- **Dataset excerpts**

+ + + + +

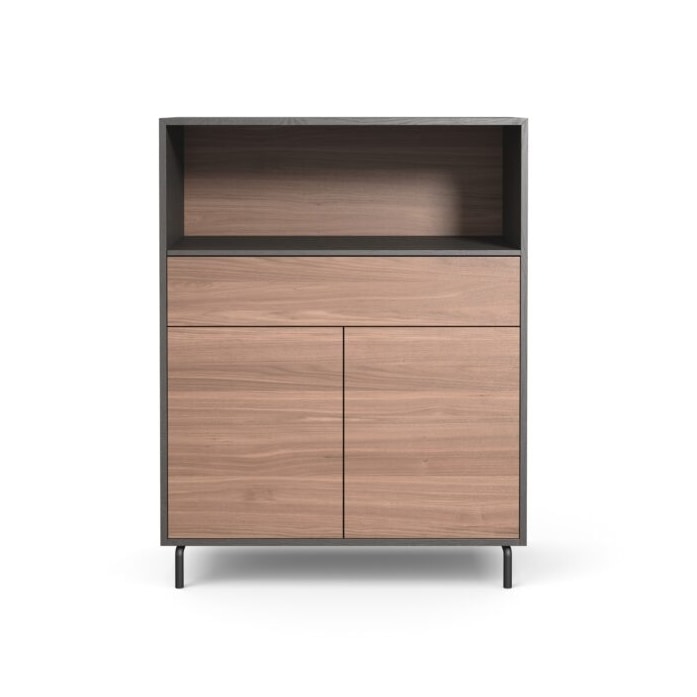Richiedi prezzi Prodotti similiSistema giorno componibile con piano in legno (rovere o noce), fenix, hpl o ceramica e piedini a scelta (da 5 a 17 cm) in legno o metallo. Ante con apertura push-pull e cassetti con sistema Blumotion ammortizzato. Possibilità di ante e cassetti in fenix o hpl. Frontali interni a filo struttura.
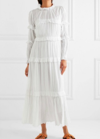 Vestido maxi de algodón con rayas Yukio de una de las diseñadores favoritas de las influencers. Confeccionado con algodón blanco suizo, tiene un cierre en la parte posterior. Aunque la tela es fina, cuenta con una combinación para que no se vea más de lo necesario.
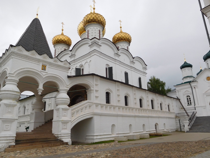 Ипатьевский монастырь расположился на берегу реки Кострома. На его территории за толстыми белеными стенами надежно спрятались от глаз архитектурные шедевры:
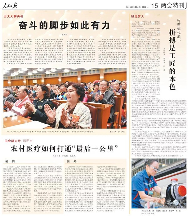 作为管理100多名职工的工段长,忙碌是许燕妮的日常。当选全国人大代表后,她更忙了。但是,她每天还是抽出时间来充电提升自己,“学习如何更好地履职,如何处理职工群众反馈的问题。”“我来自企业一线,工人的心声最有体会,一定要说出工人的心声。”——《工人日报》
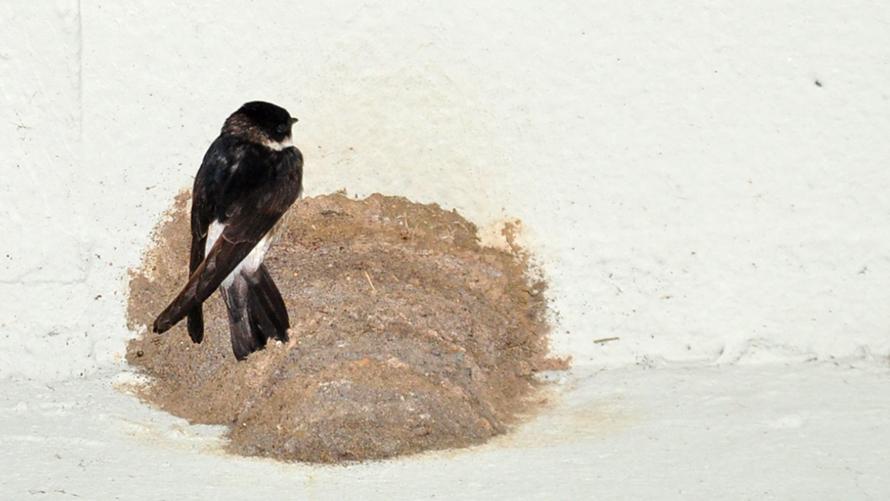 イワツバメ【夏】:ツバメなのにスワローテイル(燕尾)がないツバメです。腰の部分の白い帯でも普通のツバメと見分けることができます。
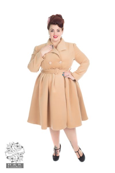 Classic 1950’s swing coat made in heavyweight fabric with fully inner lined which makes it luxurious and keeps you warm. A double breasted style coat, fitted top and pleated swing skirt with a belt for that extra look. It will be a key piece of your wardrobe through many seasons. The coat has side pockets to escape the chilly weather.
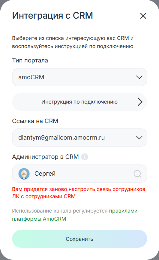3. В поле «Ссылка на CRM» выберите ваш аккаунт в amoCRM.
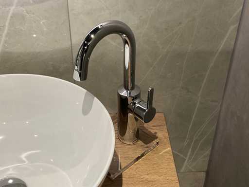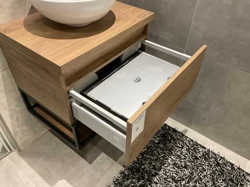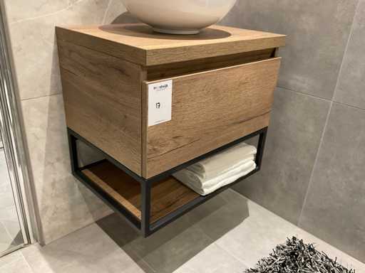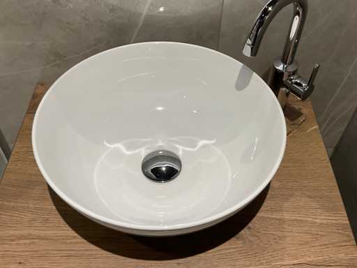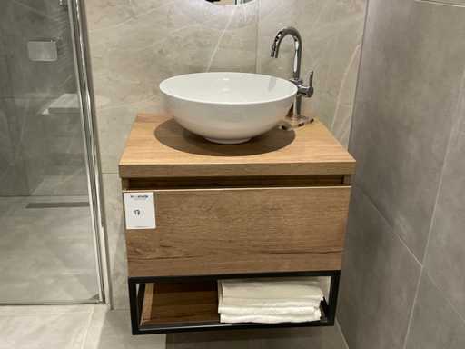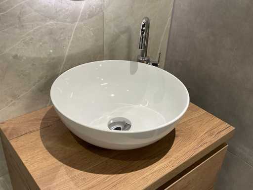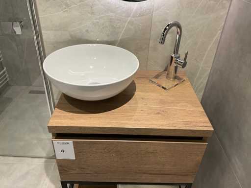 v.v. onderkast met bovenblad; kleur Tobacco; waskom; afm. ca. 40x15 cm; “Damixa” enkelgreeps mengkraan;; spiegel met verlichting; afmeting circa 40x100 cm
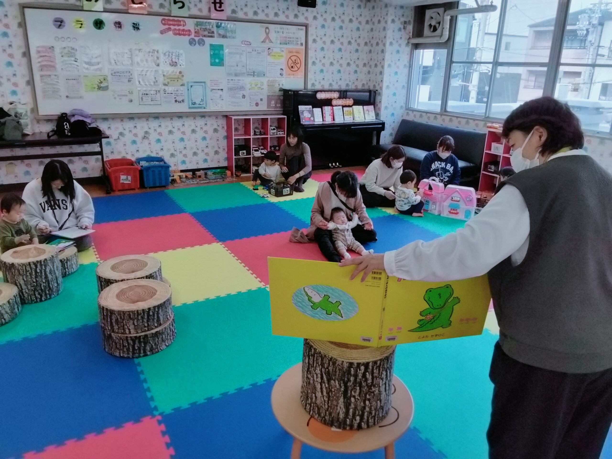 保育士と一緒に手遊びやふれあい遊び、大型絵本で楽しみませんか★  子育ての気になる事をみなさまで共有したり、個別の相談もできます。
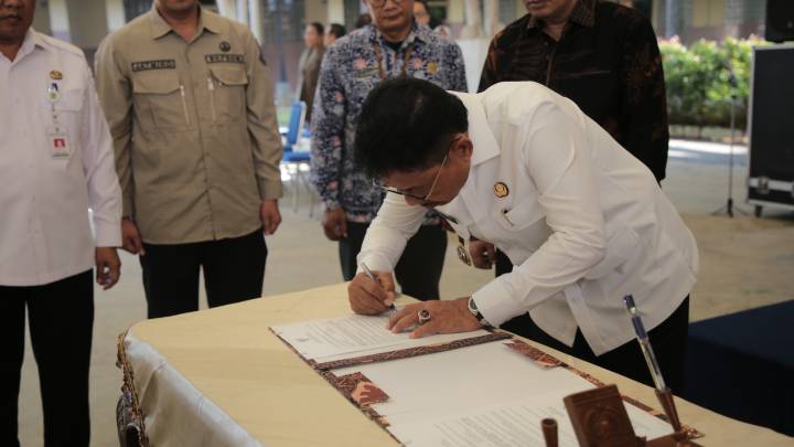 Wali Kota Tangerang Sachrudin melakukan penandatanganan Surat Keputusan (SK) PPPK di Plaza Puspem Kota Tangerang, Provinsi Banten, Rabu (8/10/25)
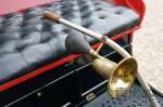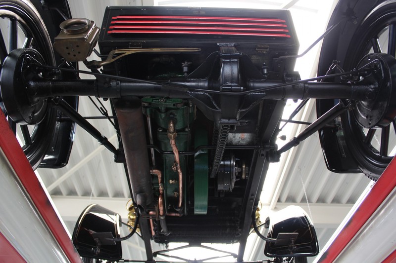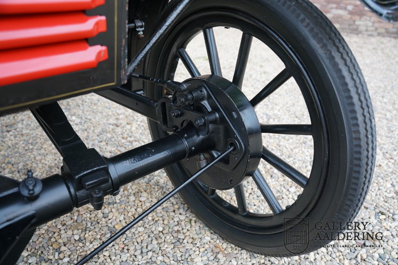 Our car is in a wonderful restored condition. The Oldsmobile 6C was also known as the “Curved Dash”. Early cars all look like a coach without horses with the Oldsmobile 6C being no exception. They did not resemble anything we see on the roads today. This type of car was called a “Runabout” as they were not suitable to cover larger distances and mainly used in cities. The car has place for two people and is steered using a rod directly attached to the front wheels. The fully rebuilt engine is richly adorned with cooper parts. It is a wonderful piece of old fashioned technology simply not seen these days. The one cylinder engine delivers its power using a chain to the rear wheels. It a two forward gears and one reverse. Blasting ones horn is done by means of one of those iconic air pressure horns attached to the steering rod. The bodywork is in great shape and during the restoration it was decided to spray it in the same colour as the original Oldsmobile 6C prototype.
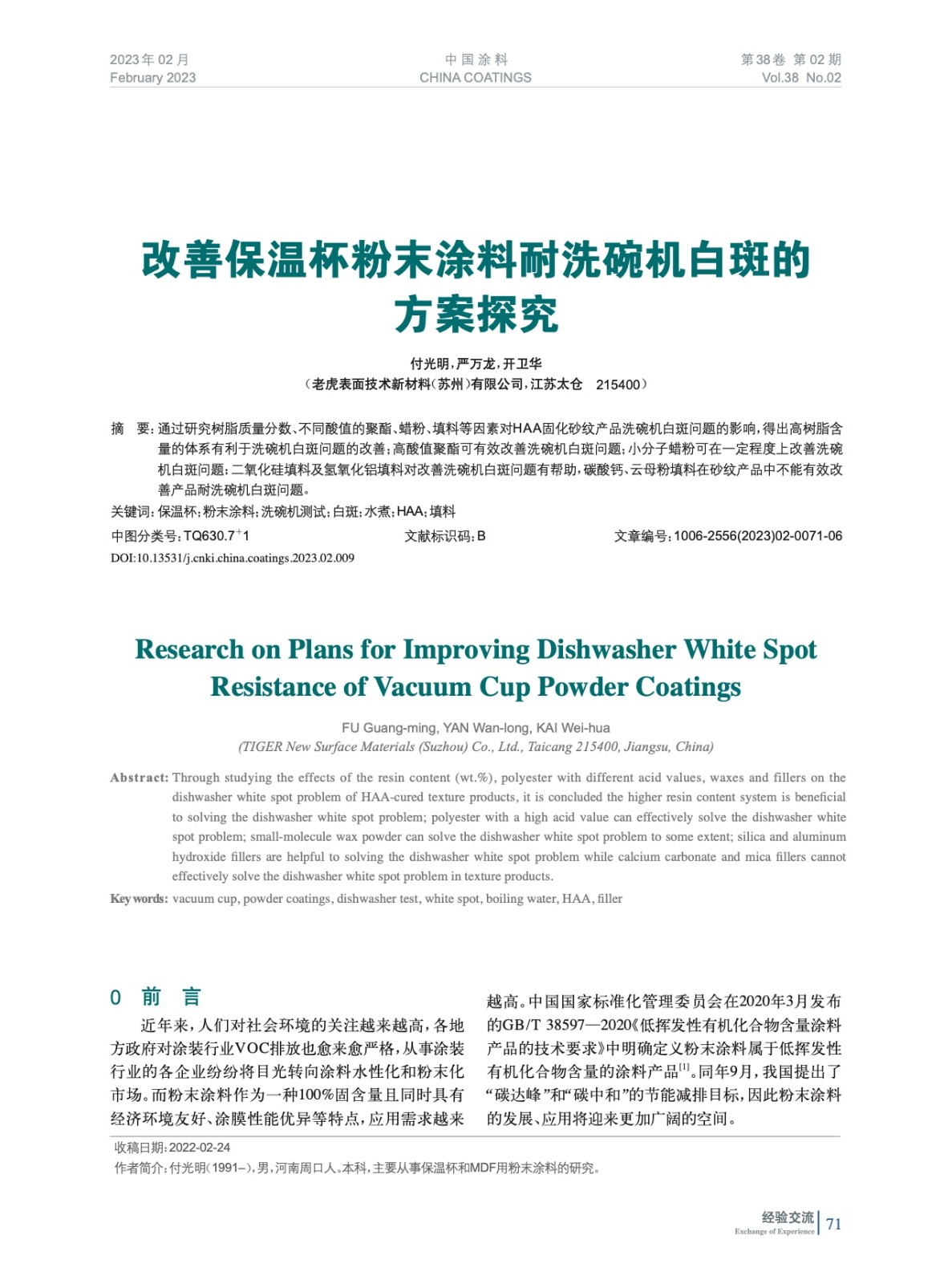 改善保溫杯粉末涂料耐洗碗機白斑的方案探究
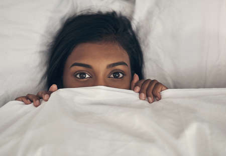 Dont tell anyone that Im here. Shot of a young woman peeking from under her duvet while lying in her bed.
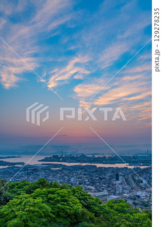 【福岡県】高塔山から見る北九州市・若戸大橋と街並み 夜明け
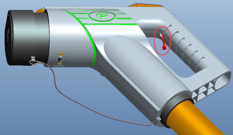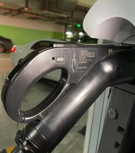 注:在充电枪的右侧/后方/内侧有解锁孔,用细针(可用回形针等代替)插入解锁孔,进行解锁。
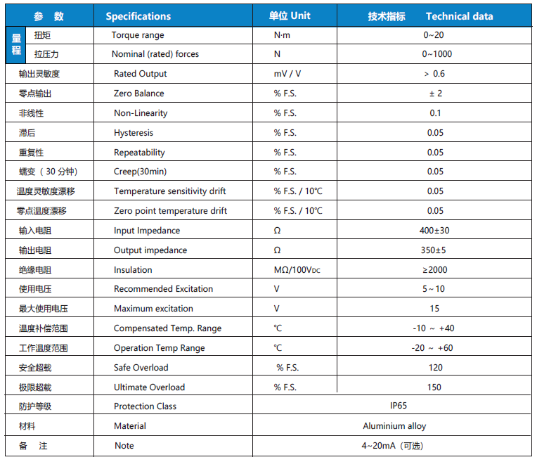 輸出:1mv/V、0~±5/10V、4~20mA可選
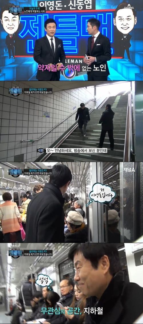 29일 방송된 채널 A ‘이영돈·신동엽 젠틀맨’에는 “지하철에서 노인에게 막말하는 모습을 목격한다면”을 주제로 실험카메라가 진행됐다.
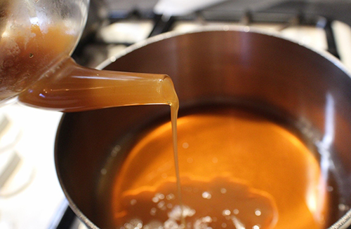 Step 7. Turn the heat on to medium-low. Cook the mixture while stirring often until it reaches about 300 degrees Fahrenheit on a candy thermometer or until it turns completely hard when dropped into a bowl of ice water. It took me about 40 minutes to reach the desired texture. It’ll be very frothy right before it’s ready.
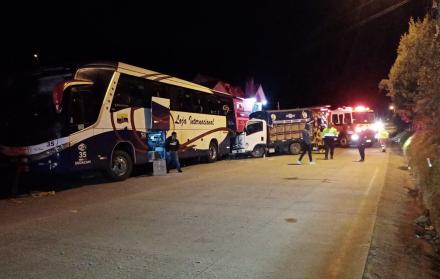 Azuay: Una mujer murió en choque de camión con bus interprovincial

+ + + + +

- **PROBLEM TO WORK ON**
Copy out exactly, with no pictures, the lines of the data from the first one through the line bearing "イワツバメ【夏】:ツバメなの".

- **TASK ANSWER**
Richiedi prezzi Prodotti similiSistema giorno componibile con piano in legno (rovere o noce), fenix, hpl o ceramica e piedini a scelta (da 5 a 17 cm) in legno o metallo. Ante con apertura push-pull e cassetti con sistema Blumotion ammortizzato. Possibilità di ante e cassetti in fenix o hpl. Frontali interni a filo struttura.
 Vestido maxi de algodón con rayas Yukio de una de las diseñadores favoritas de las influencers. Confeccionado con algodón blanco suizo, tiene un cierre en la parte posterior. Aunque la tela es fina, cuenta con una combinación para que no se vea más de lo necesario.
 Ипатьевский монастырь расположился на берегу реки Кострома. На его территории за толстыми белеными стенами надежно спрятались от глаз архитектурные шедевры:
 作为管理100多名职工的工段长,忙碌是许燕妮的日常。当选全国人大代表后,她更忙了。但是,她每天还是抽出时间来充电提升自己,“学习如何更好地履职,如何处理职工群众反馈的问题。”“我来自企业一线,工人的心声最有体会,一定要说出工人的心声。”——《工人日报》
 イワツバメ【夏】:ツバメなのにスワローテイル(燕尾)がないツバメです。腰の部分の白い帯でも普通のツバメと見分けることができます。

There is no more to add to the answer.